Development of speech accent adaptation algorithm

ABSTRACT

The serious setback in modern day Automatic Speech Recognition (ASR) technology is posed by intonation differences which results in acoustic and durational variability; a problem that hindered the full exploration of this area of research and the development of the speech technology product globally. This work developed an algorithm that is capable of adapting to the accent of the focused Nigerian major tribes (Hausa, Yoruba, Ibo, and Fulani) thereby improving the development of local Speech Technology Product (STP) in Nigeria. Speech recognition is a wide area of technological research currently being explored. Though there has been huge advancement in developed nations but the developing nations are still lacking behind. There are approximately 130 million English speakers in Nigeria either as a second language or official language. The performance of the ASR system is in serious need of improvement based on acoustic and durational variability of accented speakers. Speech accent adaptation system offers the opportunity not only to the study of phonological and prosodic representation of speech but also to the development of a system that is robust to accent variability of different speakers from any tribe or race. 

This work focused on the modelling of the accented speech of Nigerian major tribes; Hausa, Ibo, Yoruba and Fulani. The speech recognizer takes an untranscribed speech; adapt it to a targeted accent by picking out the matched utterance from a large corpus which comprises of the datasets of the above mentioned tribes. The method employed is very simple; the algorithm takes in the speech samples input recorded from the four Nigerian accent speakers (Hausa, Yoruba, Ibo, and Fulani) and stored as “.wav” files with the help of Audacity software set at 16bits and 8kHz sampling frequency which is twice the human voice frequency range according to Nyquist Criterion. These speech samples are well labelled accordingly for the algorithm to be able to differentiate between speaker “A” and Speaker “B” and all of these speech samples are stored in the MATLAB folder where the MATLAB software can easily upload in during the algorithm simulation. 

The algorithm takes in the speech sample and pre-processed it to facilitate the extraction of the features of the speech signal. The first of this pre-processing method is called Pre-emphasis which does the filtering of the speech signal and the boosting of the high frequency format which is susceptible to noise. After this is the framing of the speech signal and this is done because speech signal is not stationary (that is it changes continuously) which will make it difficult to extract the features of the speech signal. What was done is that the speech signal was broken into overlapping frames of 25ms and the overlapping caters for any information that could be lost in between frames.

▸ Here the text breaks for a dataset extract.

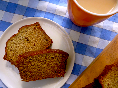 My food processor isn’t large enough to make two loaves at the same time, so if I’m baking two loaves (which I usually do – eat one, and freeze the other), I just process them one after the other without washing the processor. While this recipe is practically perfect, I add some ground cardamom, just because I really love cardamom in banana bread. Like any kind of banana cake, the only real secret is to use the most disgustingly over-ripe bananas you can find and magically turn them into manna from heaven.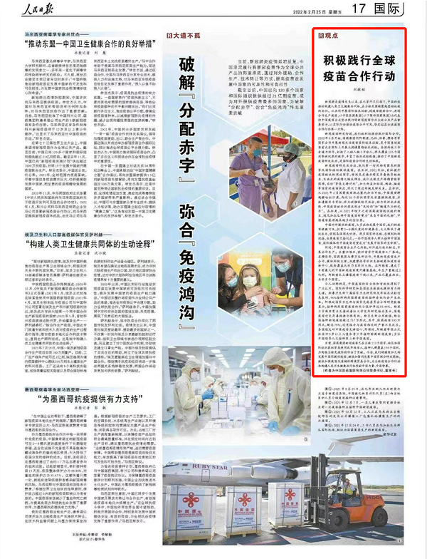 新冠疫苗研發階段,我們就積極推動踐行國際合作。2020年6月開始,國藥集團同阿聯酋、巴林、秘魯、摩洛哥等國家合作開展新冠滅活疫苗國際臨床試驗,是中國原創疫苗首次在國際上開展大規模Ⅲ期臨床試驗。各國科技工作者通力協作,創造了入組人數5萬余人,樣本覆蓋125個國別等破紀錄的數字,豐富了臨床試驗數據,推動了中國新冠疫苗研發成功,是國際疫苗合作的生動體現。

The next is the windowing of the framed signal and this is done emphasis the main part of the speech signal and to supress the spectral distortion that was introduced by framing.  

The feature extraction started with FFT (Fast Fourier Transform) which converted the signal from time domain to frequency domain for easy manipulation of the spectrum of the signal. The Mel filter bank is another step which was used to model human hearing property that is sensitive to frequency below 1 kHz but behaves differently at any frequency above 1 kHz. We obtained the logarithm of the energy of the spectrum through “Log Energy” because human ear is logarithmic to signal level. The final step at the feature extraction stage is called Discrete Transform Coefficient (DCT). At DCT stage, all the triangular filter banks that are correlated are de-correlated through diagonal covariance matrix. The result of this stage is (13 coefficients for each frame) called Mel Frequency Cepstral coefficient (MFCC).

The last stage of this work is the feature matching with the aid of Vector Quantisation (VQ) which has both Encoder and Decoder. The code vectors of the feature extraction stage (MFCC) is fed as the input of the VQ algorithm, it clusters the code vectors and finds the mean for each of the speakers which are then stored in the database as a template; this is the training section. When an unknown speaker (Test Speaker) is fed into the VQ, the algorithm matches it with closest trained speaker template, the index of this sent to the Decoder which reconstructed the matched trained speaker and the word of the pronounced is displayed at the output.  

After analysis of the results it shows a very good performance in terms of its adaptation and speaker recognition. The main challenge in this work is that the algorithm tends to slow down as the number of the speech samples increases. Continuous speech also posed a great challenge due to concatenation of phonemes, rate of speaking and acoustic and durational variability. This work will definitely serve as a bed rock for many ASR researches in Nigeria and its can used by many communication companies to develop user friendly applications.